I called the skateboard company and was put in touch with their director of marketing who told me that they get hundreds of requests but that she would speak to the company’s president about a small donation and get back to me.  Within 5 minutes, I received a phone call back from the marketing director who told me that a significant package of items would be shipped to us the following day.
As you may have guessed, the president of the skateboard company turned out to be my new friend "John" who I had helped a week before.  He also happens to own a plastic injection mold shop to make skateboard wheels. 
Now I honestly didn’t know the connection between the two companies (I’m not a skateboarder).  Once John saw my name, he immediately wanted to repay the favor I had shown him and sent over a box of skateboarding items worth several hundreds of dollars to help the charity.
This is an example of Karma in its purest form...
Good Karma isn’t created by a "quid pro quo" relationship (you scratch my back and I’ll scratch yours).  Positive Karma is created by wanting nothing back in return.  It’s the idea that giving of yourself is good for the community, society, and the world as a whole.  I didn’t give John fuses because I wanted something from him at the time...I just wanted to help him out...it was the right thing to do at the time...
Giving isn’t necessarily limited to money either...it’s fairly easy to reach in your pocket to give a homeless person some loose change...but it takes a bit more effort to go with that same person to get them a hot meal or a cold drink on a hot day (it also ensures that your money will be spent on feeding a person food rather them allowing them to use the money to perhaps feed a "habit").

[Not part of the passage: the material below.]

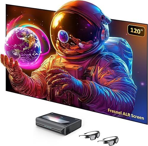 Ever since the introduction of the “Laser TV” projector category over twelve years ago, ultra short throw projectors and UST ALR (Ambient Light Rejecting) projection screens intended for do-it-yourself in-home setup and installation, with the UST projector placed near a wall, sitting on or in a stand or cabinet or even directly on the floor, have become a feasible, desirable, popular, and ever more affordable SUPER-SIZED big screen TV alternative. Most of the best 4K ultra short throw projectors are capable of projecting up to a 150″ diagonal image. The 5000 ANSI lumen Hisense L9Q pictured below is now considered the king of UST projectors, capable of projecting anywhere from an 80″ to a 200″ diagonal image, and it’s only six grand!

It’s been a pretty rough last few years for a big percentage of our population.  What I’ve witnessed though is that people, even though they seem to have less, are giving more.  Maybe this is because more people than ever are actually closer to the "other side of prosperity" than ever before so they too might one day be that hungry person forced to ask for a hand-out.

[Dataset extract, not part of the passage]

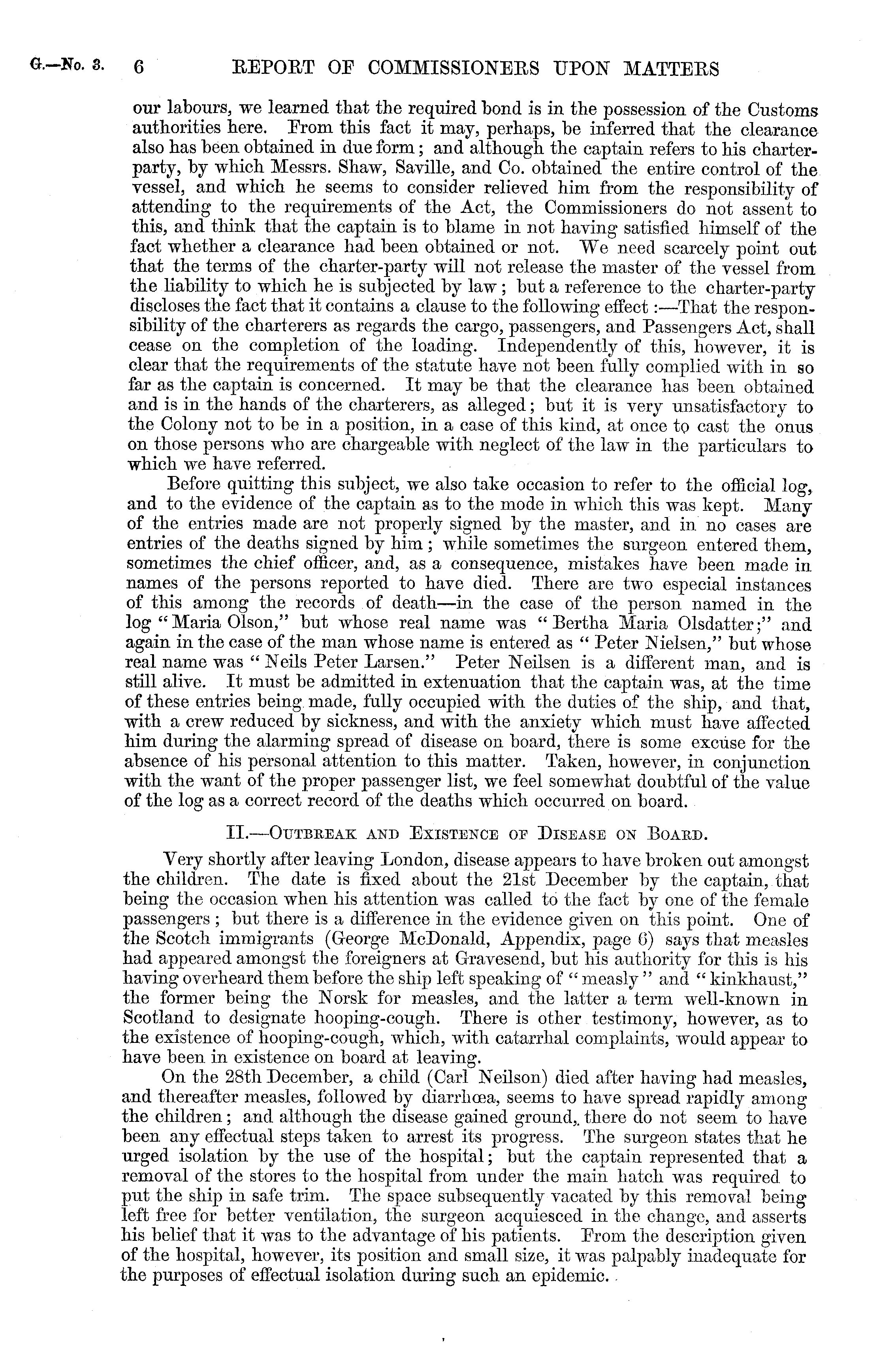 our labours, we learned that the required bond is in the possession of the Customs authorities here. Erom this fact it may, perhaps, be inferred that the clearance also has been obtained in due form; and although the captain refers to his charterparty, by which Messrs. Shaw, Saville, and Co. obtained the entire control of the vessel, and which he seems to consider relieved him from the responsibility of attending to the requirements of the Act, the Commissioners do not assent to this, and think that the captain is to blame in not having satisfied himself of the fact whether a clearance had been obtained or not. We need scarcely point out that the terms of the charter-party will not release the master of the vessel from the liability to which he is subjected by law ; but a reference to the charter-party discloses the fact that it contains a clause to the following effect:—That the responsibility of the charterers as regards the cargo, passengers, and Passengers Act, shall cease on the completion of the loading. Independently of this, however, it is clear that the requirements of the statute have not been fully complied with in so far as the captain is concerned. It may be that the clearance has been obtained and is in the hands of the charterers, as alleged; but it is very unsatisfactory to the Colony not to be in a position, in a case of this kind, at once to cast the onus on those persons who are chargeable with neglect of the law in the particulars to which we have referred. Before quitting this subject, we also take occasion to refer to the official log, and to the evidence of the captain as to the mode in which this was kept. Many of the entries made are not properly signed by the master, and in no cases are entries of the deaths signed by him; while sometimes the surgeon entered them, sometimes the chief officer, and, as a consequence, mistakes have been made in names of the persons reported to have died. There are two especial instances of this among the records of death—in the case of the person named in the log "Maria Olson," but whose real name was "Bertha Maria Olsdatter;" and again in the case of the man whose name is entered as " Peter Nielsen," but whose real name was " Neils Peter Larsen." Peter Neilsen is a different man, and is still alive. It must be admitted in extenuation that the captain was, at the time of these entries being made, fully occupied with the duties of the ship, and that, with a crew reduced by sickness, and with the anxiety which must have affected him during the alarming spread of disease on board, there is some excuse for the absence of his personal attention to this matter. Taken, however, in conjunction with the want of the proper passenger list, we feel somewhat doubtful of the value of the log as a correct record of the deaths which occurred on board. ll.—Outbreak and Existence of Disease on Board. Very shortly after leaving London, disease appears to have broken out amongst the children. The date is fixed about the 21st December by the captain, that being the occasion when his attention was called to the fact by one of the female passengers ; but there is a difference in the evidence given on this point. One of the Scotch immigrants (George McDonald, Appendix, page 6) says that measles had appeared amongst the foreigners at Gravesend, but his authority for this is his having overheard them before the ship left speaking of " measly " and " kinkhaust," the former being the Norsk for measles, and the latter a term well-known in Scotland to designate hooping-cough. There is other testimony, however, as to the existence of hooping-cough, which, with catarrhal complaints, would appear to have been in existence on board at leaving. On the 28th December, a child (Carl Neilson) died after having had measles, and thereafter measles, followed by diarrhoea, seems to have spread rapidly among the children; and although the disease gained ground,, there do not seem to have been any effectual steps taken to arrest its progress. The surgeon states that he urged isolation by the use of the hospital; but the captain represented that a removal of the stores to the hospital from under the main hatch was required to put the ship in safe trim. The space subsequently vacated by this removal being left free for better ventilation, the surgeon acquiesced in the change, and asserts his belief that it was to the advantage of his patients. Erom the description given of the hospital, however, its position and small size, it was palpably inadequate for the purposes of effectual isolation during such an epidemic.

I am especially proud of the newest generation of young people who seem to be focused on how we all must fit into a global community.  Schools are now requiring community service hours as a part of graduation requirements.  Once people see how their efforts affect the world around them they are more likely to continue their good works into the future. 

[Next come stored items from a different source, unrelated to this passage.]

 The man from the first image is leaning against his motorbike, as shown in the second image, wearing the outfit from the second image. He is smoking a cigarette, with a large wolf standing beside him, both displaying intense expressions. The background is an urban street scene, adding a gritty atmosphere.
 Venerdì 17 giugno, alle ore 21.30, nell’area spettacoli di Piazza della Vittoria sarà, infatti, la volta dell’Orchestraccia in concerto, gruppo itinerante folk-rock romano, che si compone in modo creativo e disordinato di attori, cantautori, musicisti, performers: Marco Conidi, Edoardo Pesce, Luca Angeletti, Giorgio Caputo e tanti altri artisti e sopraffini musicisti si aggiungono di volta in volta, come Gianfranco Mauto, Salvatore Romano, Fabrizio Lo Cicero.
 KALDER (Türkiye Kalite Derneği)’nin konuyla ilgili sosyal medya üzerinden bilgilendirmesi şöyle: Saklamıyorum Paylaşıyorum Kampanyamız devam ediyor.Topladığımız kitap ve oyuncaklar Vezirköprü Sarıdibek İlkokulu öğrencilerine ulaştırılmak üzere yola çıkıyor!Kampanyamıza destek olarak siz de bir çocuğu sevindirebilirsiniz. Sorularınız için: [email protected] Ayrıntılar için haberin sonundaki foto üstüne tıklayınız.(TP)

A few years ago, I heard about the concept of "random acts of kindness" while visiting the Bay Area.  I was reading a San Francisco Chronicle news article that told where cars crossing toll bridges were paying the tolls for a car (or two) behind them.  Imagine the good feelings and thoughts that were created for one or two dollars.  Even if the person in the car behind was having a bad day...I’m certain a smile would have emerged on their face knowing that they were the "victim" of a random act of kindness.  Perhaps they might even return the act of kindness upon someone else during the course of the day.
Every once in a while, I’ll buy a soda from a vending machine and then put enough money into the machine to pay for next soda out of the machine.  I don’t stick around to find out who that person might be...but I feel certain that soda will taste a bit sweeter to whoever might have been the lucky person who got a free cold drink.

The knowledge that you’re helping another human being is itself the reward...

Helping others is a good thing.  Making people smile is a good thing.  Spreading happiness is a good thing...
Today is Good Friday...

...enjoy your weekend!

Thank you very much for your continued support of OptiFuse where we hope to bring awareness to the world we share.